> Exercise prompt: When you retype the records that follow, keep each word as it is and drop any pictures.
------------------------------------------------------------------------
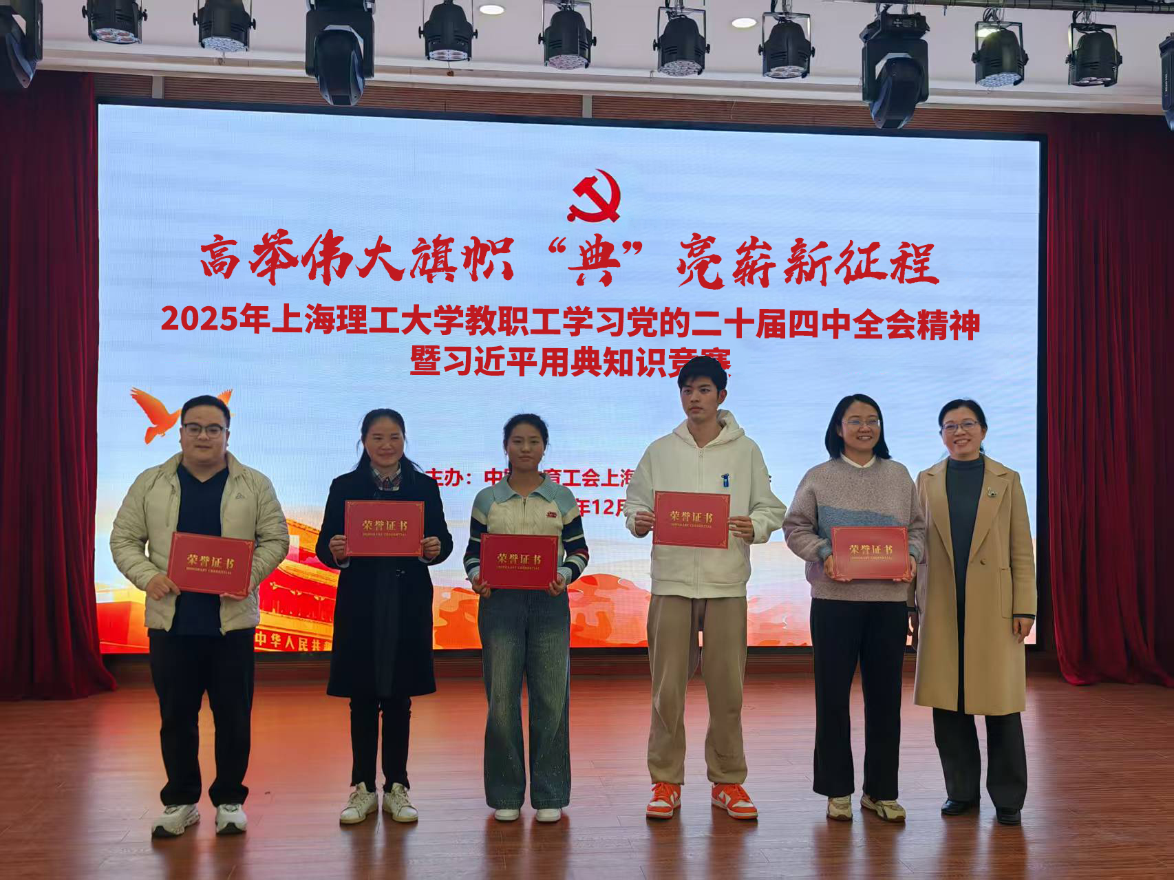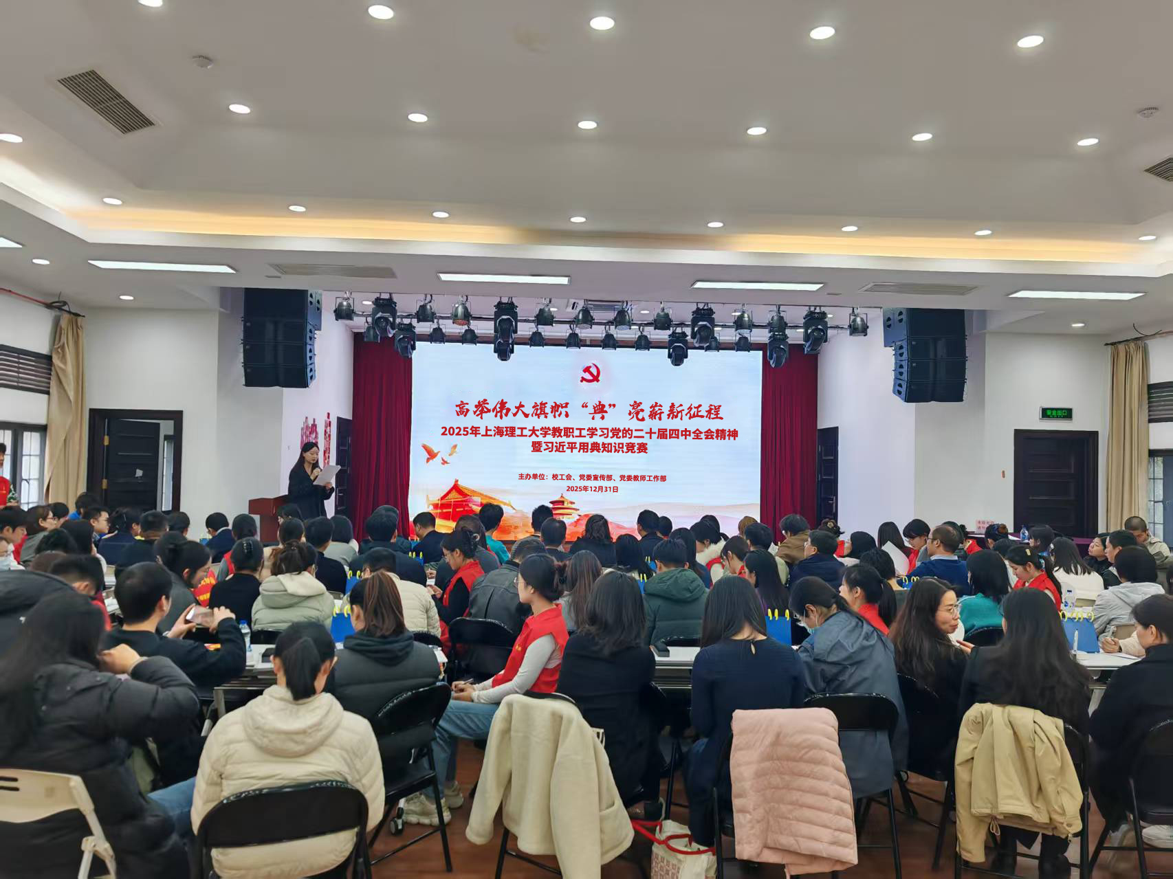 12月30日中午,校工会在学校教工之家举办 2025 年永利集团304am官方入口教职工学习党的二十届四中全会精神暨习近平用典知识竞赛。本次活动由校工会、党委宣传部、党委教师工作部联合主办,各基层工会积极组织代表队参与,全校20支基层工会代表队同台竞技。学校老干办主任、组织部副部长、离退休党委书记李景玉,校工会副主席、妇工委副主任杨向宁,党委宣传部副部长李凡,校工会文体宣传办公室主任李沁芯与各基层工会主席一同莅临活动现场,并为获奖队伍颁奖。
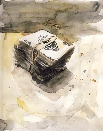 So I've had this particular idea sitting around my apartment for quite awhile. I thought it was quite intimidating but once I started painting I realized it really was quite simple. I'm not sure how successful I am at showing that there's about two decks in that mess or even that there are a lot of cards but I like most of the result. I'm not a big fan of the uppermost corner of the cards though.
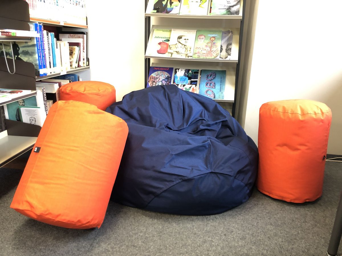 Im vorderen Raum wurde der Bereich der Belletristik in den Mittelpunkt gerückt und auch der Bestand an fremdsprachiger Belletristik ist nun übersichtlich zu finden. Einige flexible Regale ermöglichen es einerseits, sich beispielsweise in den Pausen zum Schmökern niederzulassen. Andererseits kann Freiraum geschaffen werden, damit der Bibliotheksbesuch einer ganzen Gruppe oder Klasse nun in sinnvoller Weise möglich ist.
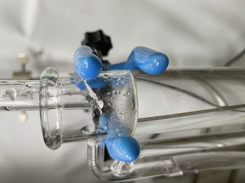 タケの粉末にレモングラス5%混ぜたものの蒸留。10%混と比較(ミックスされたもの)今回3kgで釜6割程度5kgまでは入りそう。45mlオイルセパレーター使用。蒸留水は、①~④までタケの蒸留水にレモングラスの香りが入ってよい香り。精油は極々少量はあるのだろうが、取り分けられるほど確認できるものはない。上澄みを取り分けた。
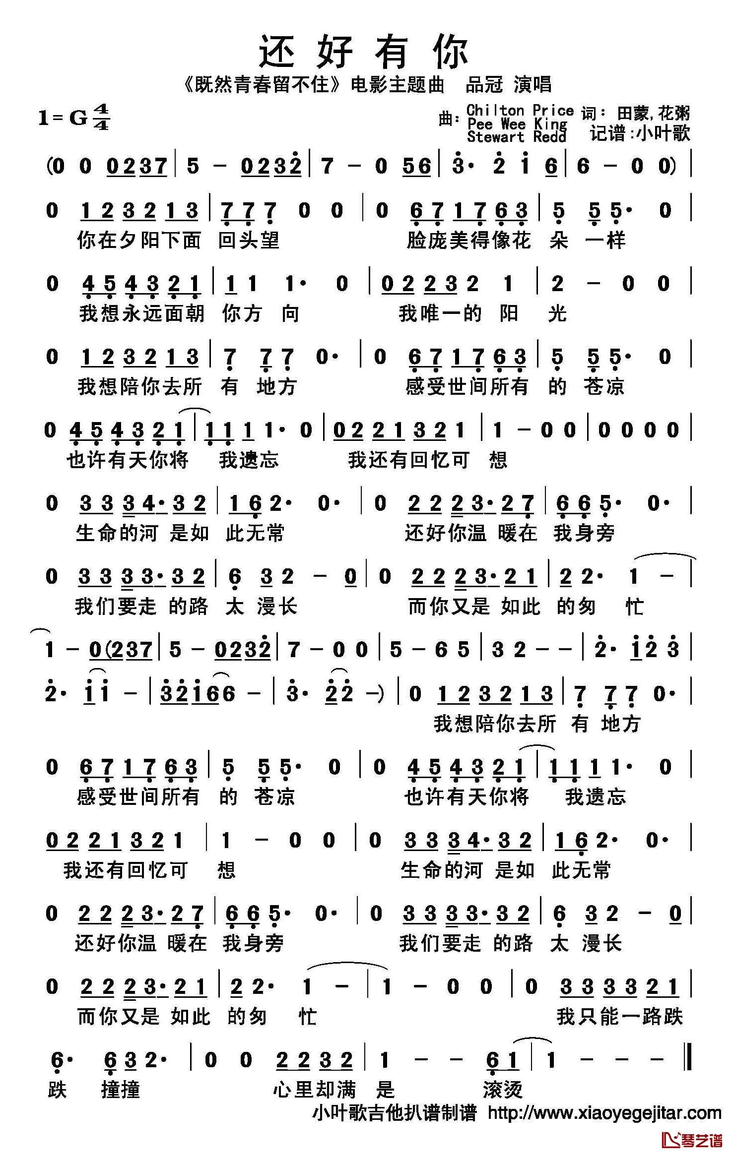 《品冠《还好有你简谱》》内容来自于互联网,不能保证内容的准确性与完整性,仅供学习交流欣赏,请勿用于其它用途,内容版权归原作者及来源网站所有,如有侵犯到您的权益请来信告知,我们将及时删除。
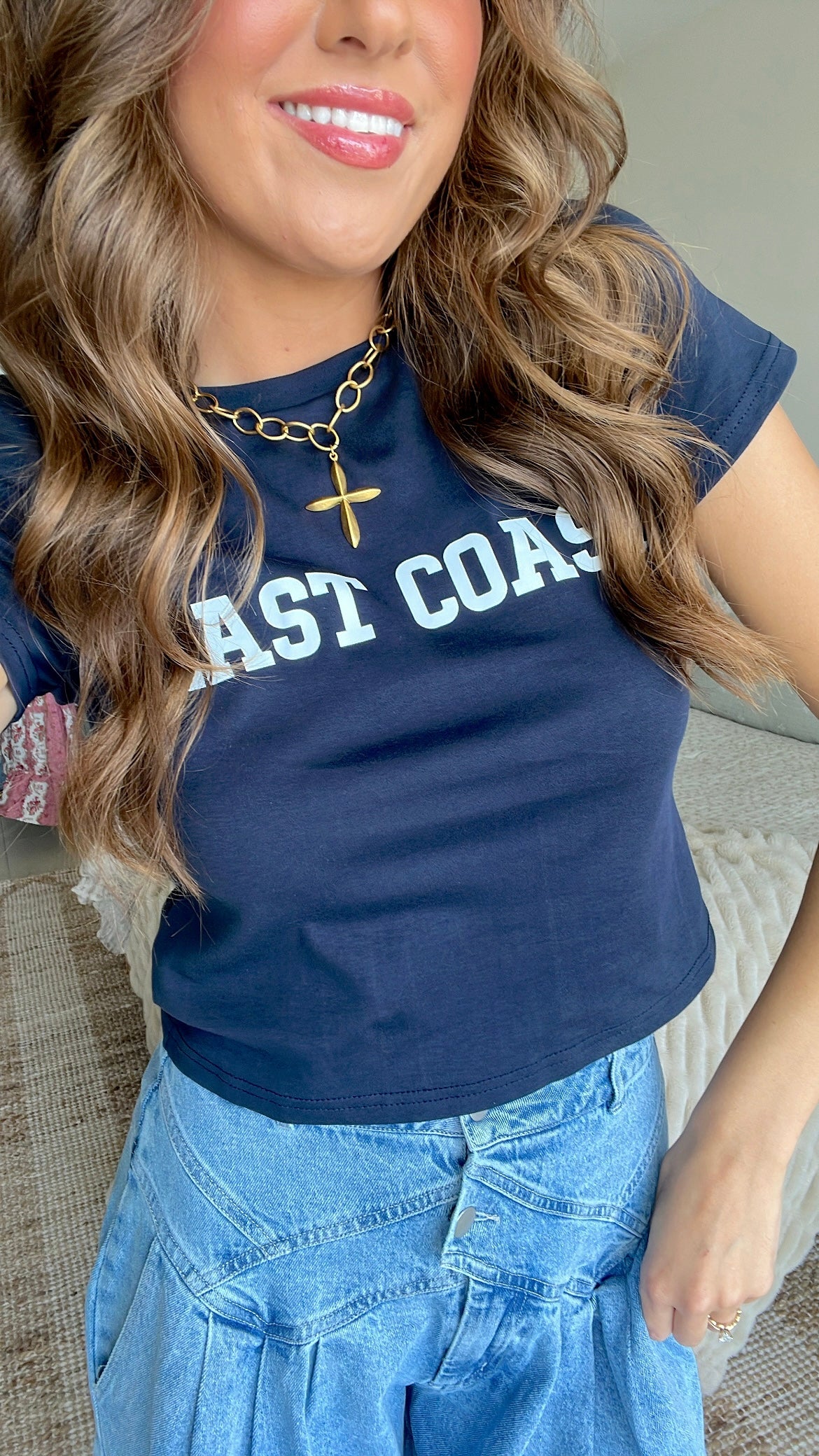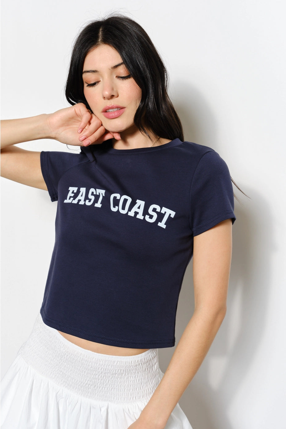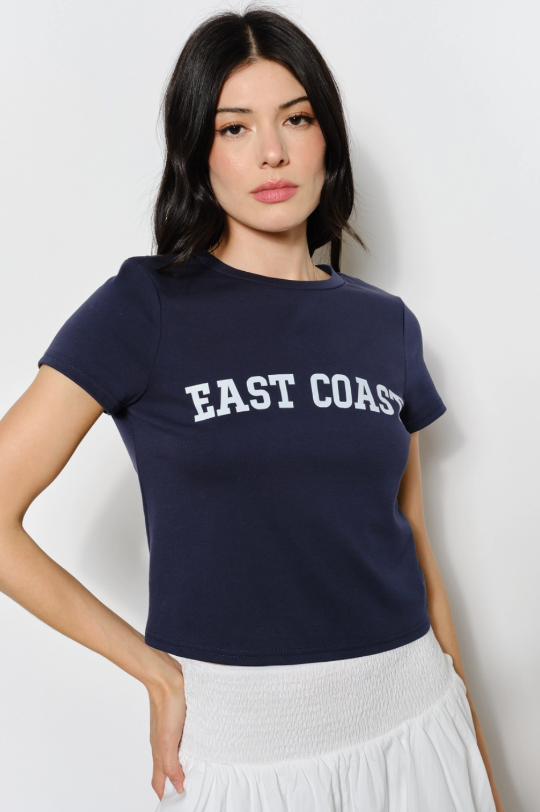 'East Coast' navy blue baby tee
------------------------------------------------------------------------
> Problem solution:
 12月30日中午,校工会在学校教工之家举办 2025 年永利集团304am官方入口教职工学习党的二十届四中全会精神暨习近平用典知识竞赛。本次活动由校工会、党委宣传部、党委教师工作部联合主办,各基层工会积极组织代表队参与,全校20支基层工会代表队同台竞技。学校老干办主任、组织部副部长、离退休党委书记李景玉,校工会副主席、妇工委副主任杨向宁,党委宣传部副部长李凡,校工会文体宣传办公室主任李沁芯与各基层工会主席一同莅临活动现场,并为获奖队伍颁奖。
 So I've had this particular idea sitting around my apartment for quite awhile. I thought it was quite intimidating but once I started painting I realized it really was quite simple. I'm not sure how successful I am at showing that there's about two decks in that mess or even that there are a lot of cards but I like most of the result. I'm not a big fan of the uppermost corner of the cards though.
 Im vorderen Raum wurde der Bereich der Belletristik in den Mittelpunkt gerückt und auch der Bestand an fremdsprachiger Belletristik ist nun übersichtlich zu finden. Einige flexible Regale ermöglichen es einerseits, sich beispielsweise in den Pausen zum Schmökern niederzulassen. Andererseits kann Freiraum geschaffen werden, damit der Bibliotheksbesuch einer ganzen Gruppe oder Klasse nun in sinnvoller Weise möglich ist.
 タケの粉末にレモングラス5%混ぜたものの蒸留。10%混と比較(ミックスされたもの)今回3kgで釜6割程度5kgまでは入りそう。45mlオイルセパレーター使用。蒸留水は、①~④までタケの蒸留水にレモングラスの香りが入ってよい香り。精油は極々少量はあるのだろうが、取り分けられるほど確認できるものはない。上澄みを取り分けた。
 《品冠《还好有你简谱》》内容来自于互联网,不能保证内容的准确性与完整性,仅供学习交流欣赏,请勿用于其它用途,内容版权归原作者及来源网站所有,如有侵犯到您的权益请来信告知,我们将及时删除。
 'East Coast' navy blue baby tee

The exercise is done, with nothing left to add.